Kesimpulan dan Harapan

"Kita mungkin tidak selalu bisa membangun masa depan untuk generasi muda kita, tetapi kita selalu bisa membangun generasi muda kita untuk masa depan." — Franklin D. Roosevelt
Menyambut Hari Anti Narkotika Internasional bukanlah sekadar mengenang sejarah kelam, melainkan merajut komitmen untuk hari esok. Visi Indonesia Emas 2045 hanya akan menjadi ilusi jika generasi yang akan mewarisinya dibiarkan terpuruk dalam jurang adiksi.

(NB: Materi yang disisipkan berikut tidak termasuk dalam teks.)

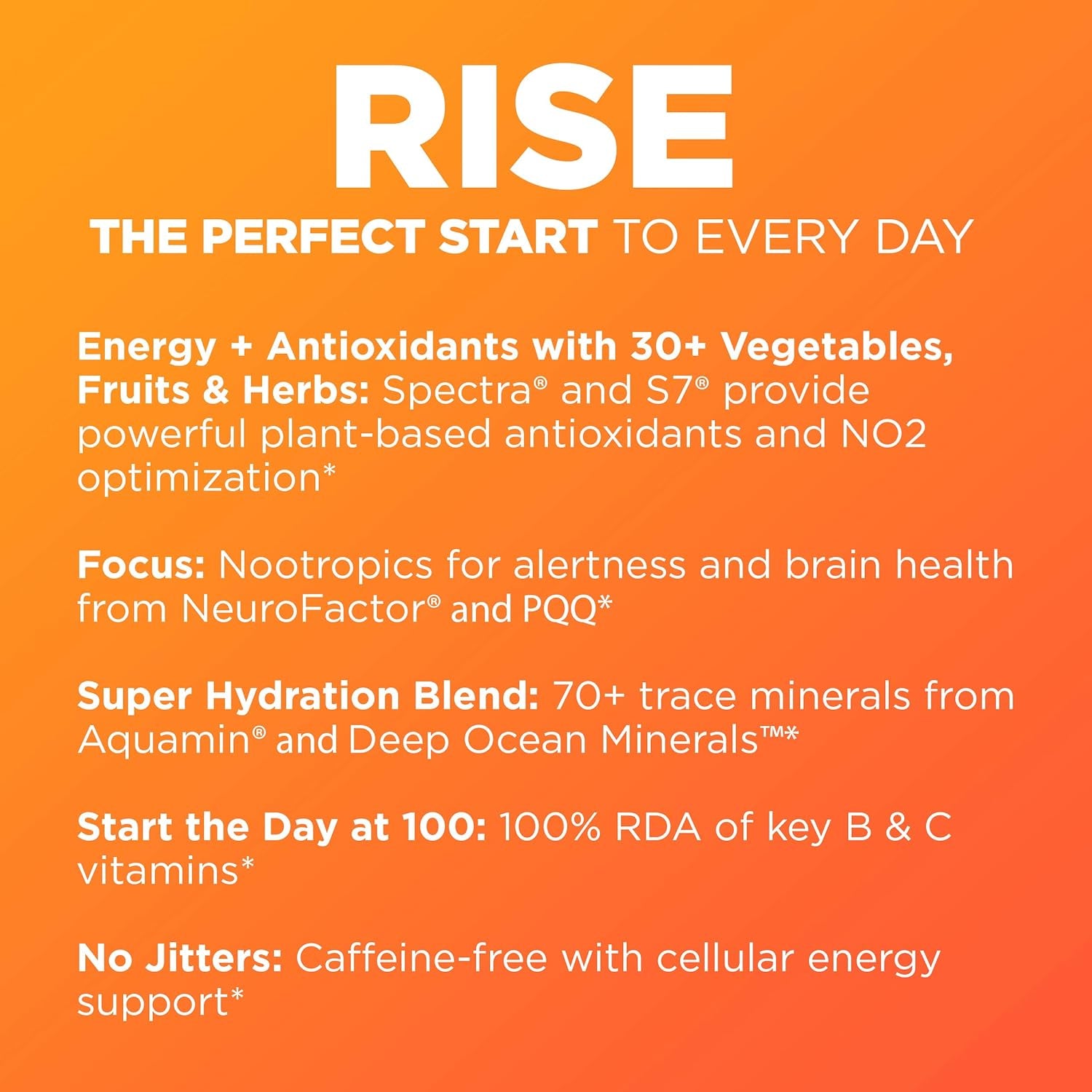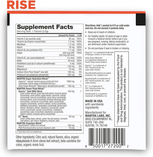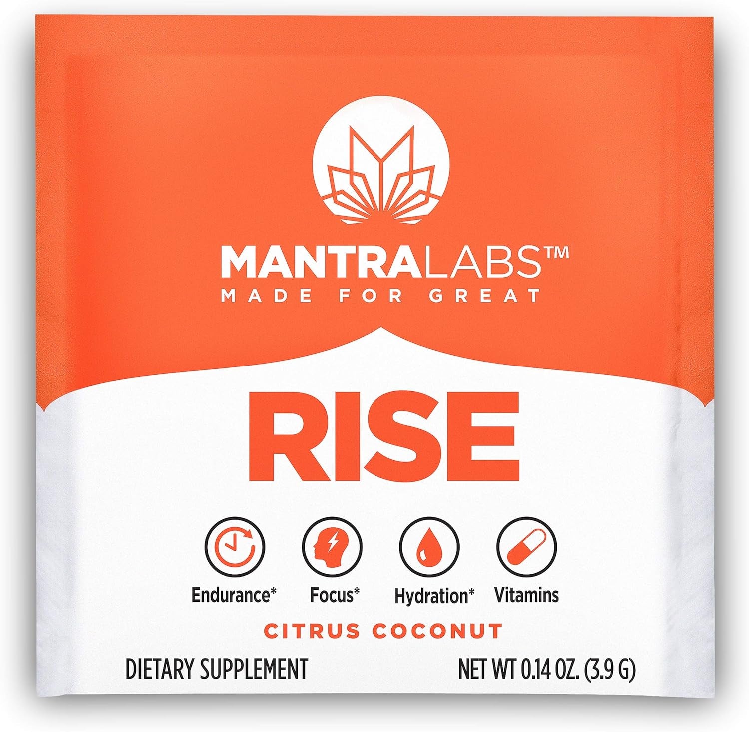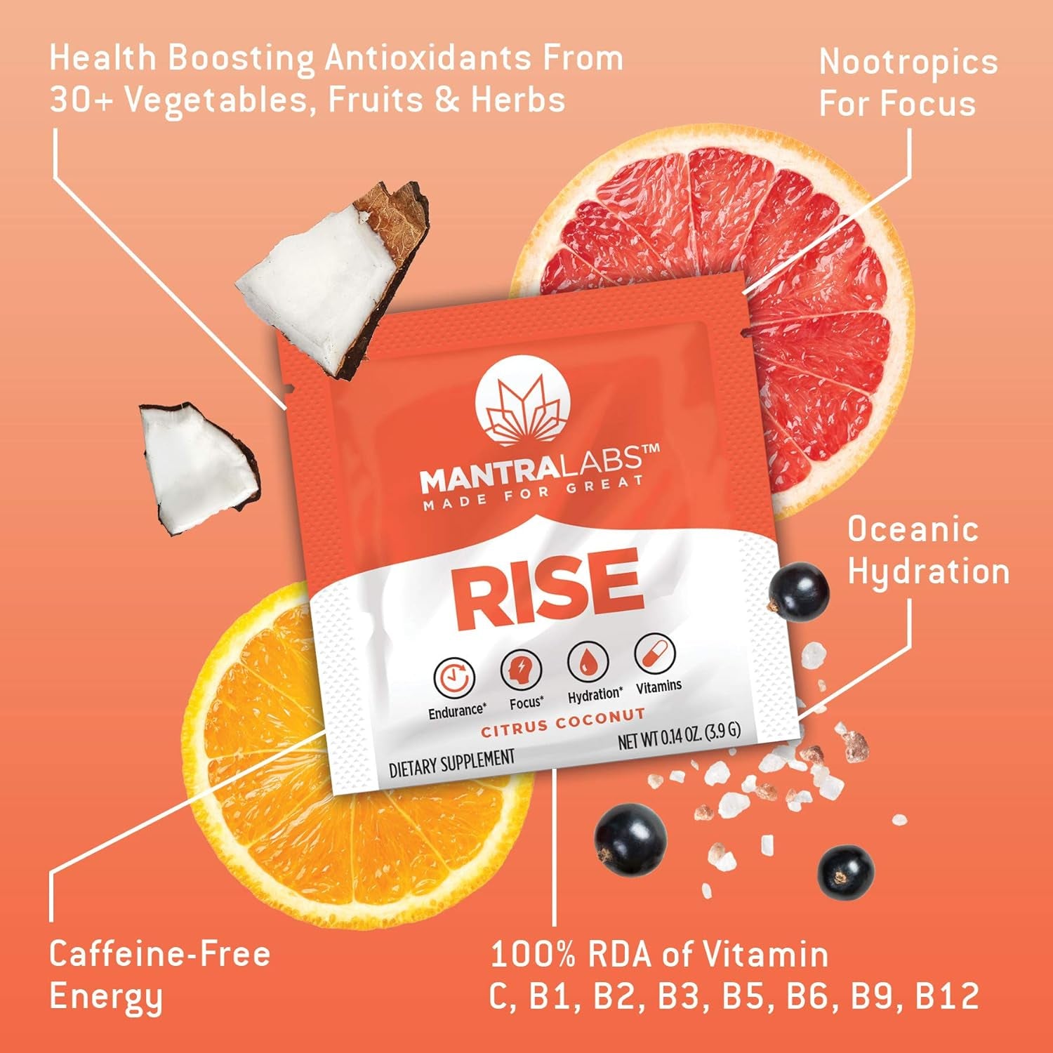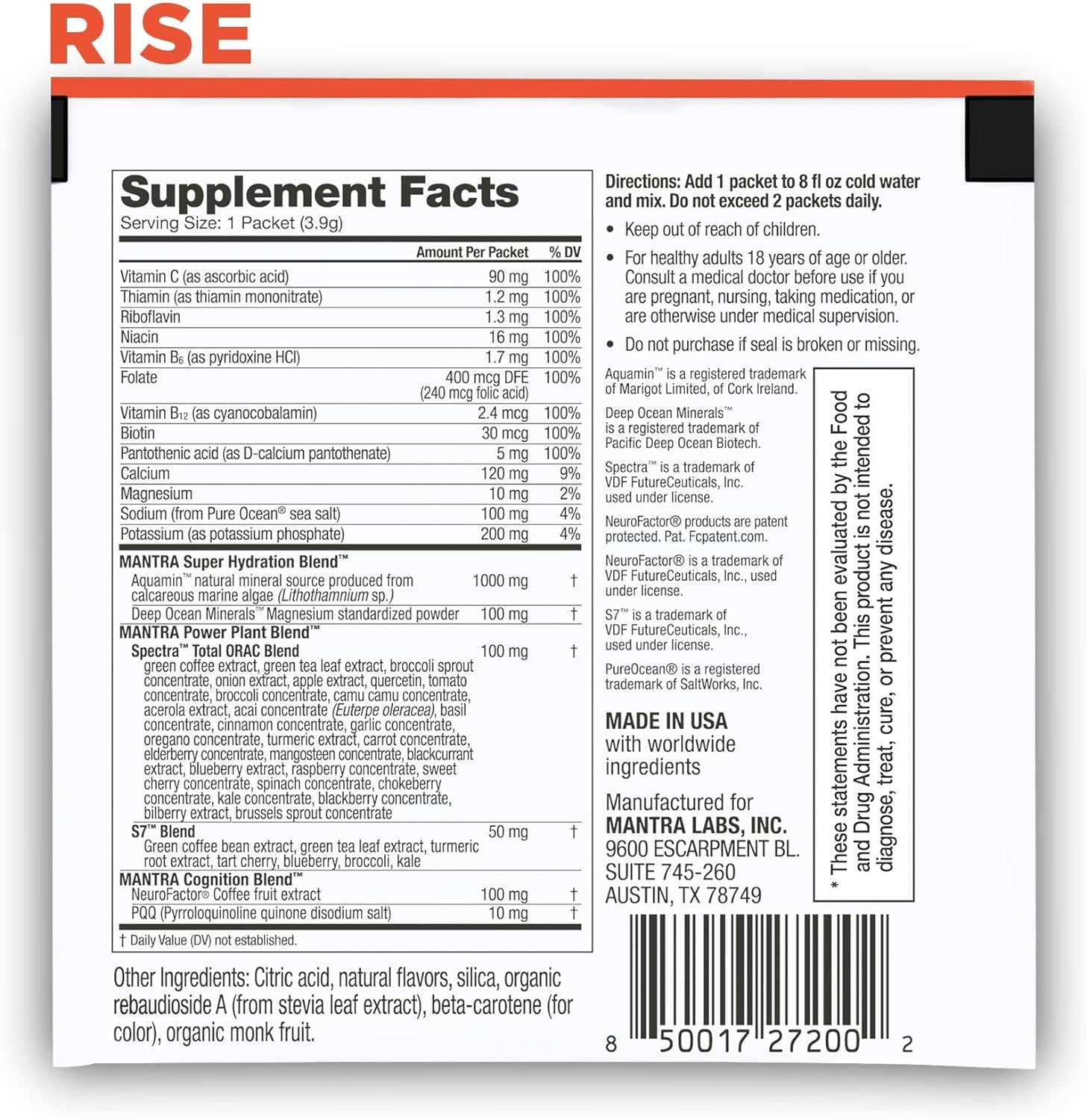 • RISE Hydration Powder Blend; Mantra Labs Rise hydration powdered drink mix contains nootropics, oceanic electrolyte hydration, 2.5 mg caffeine, antioxidants and 100% RDA of key vitamins for women and men to help you helps you get up, get focused and power up to perform better and feel fully alive.
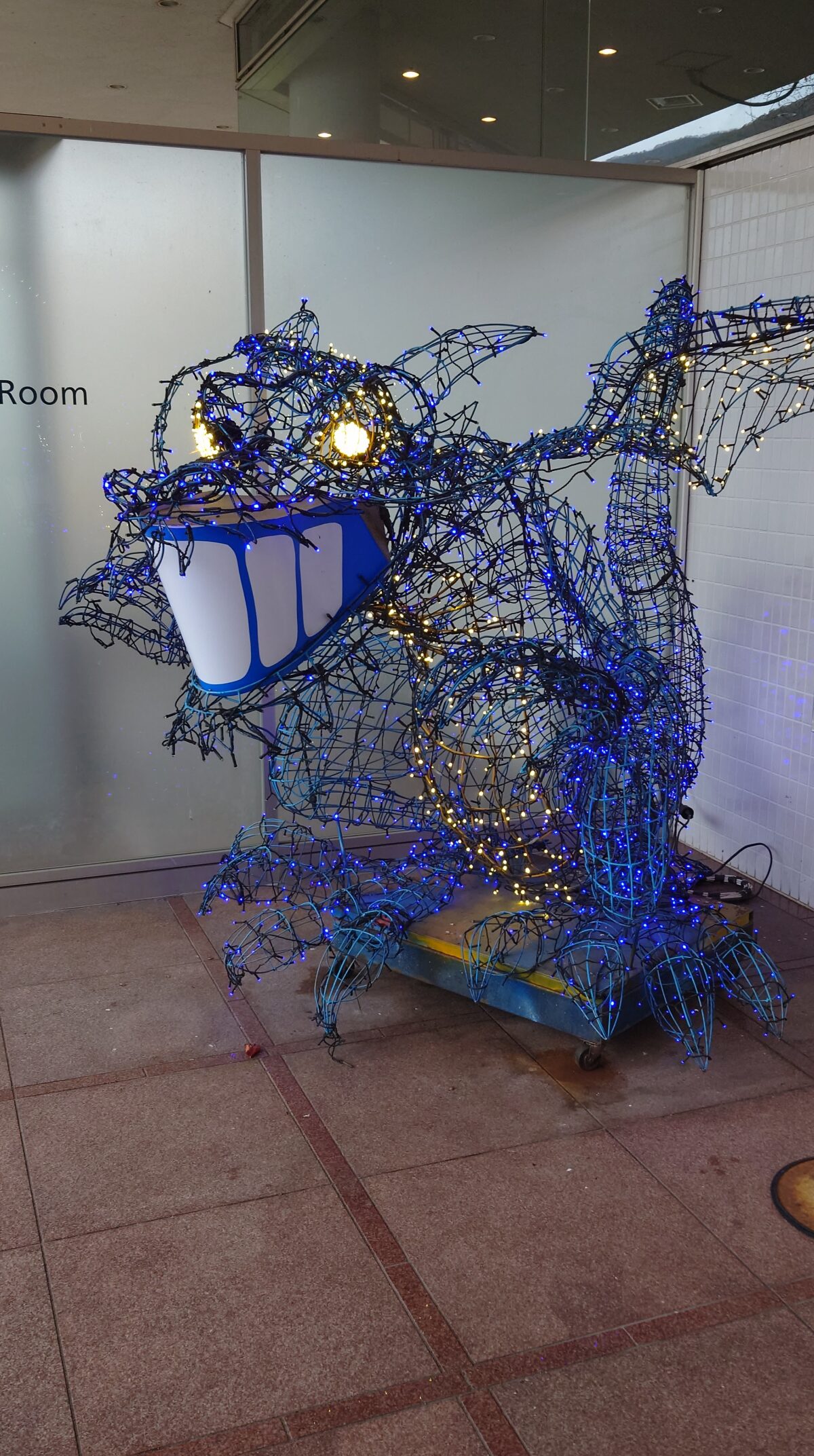 玄関ではドラゴンのオブジェがお出迎え。

Oleh karena itu, menyelamatkan pecandu dengan keadilan restoratif dan membumihanguskan sindikat narkotika dengan supremasi hukum adalah investasi terbesar peradaban kita saat ini. Dengan napas Pancasila yang menjiwai setiap langkah penegakan hukum dan pelindungan sosial, mari kita tempa generasi muda Indonesia menjadi emas yang sesungguhnya, tangguh, berdaulat, dan bersih dari belenggu narkotika.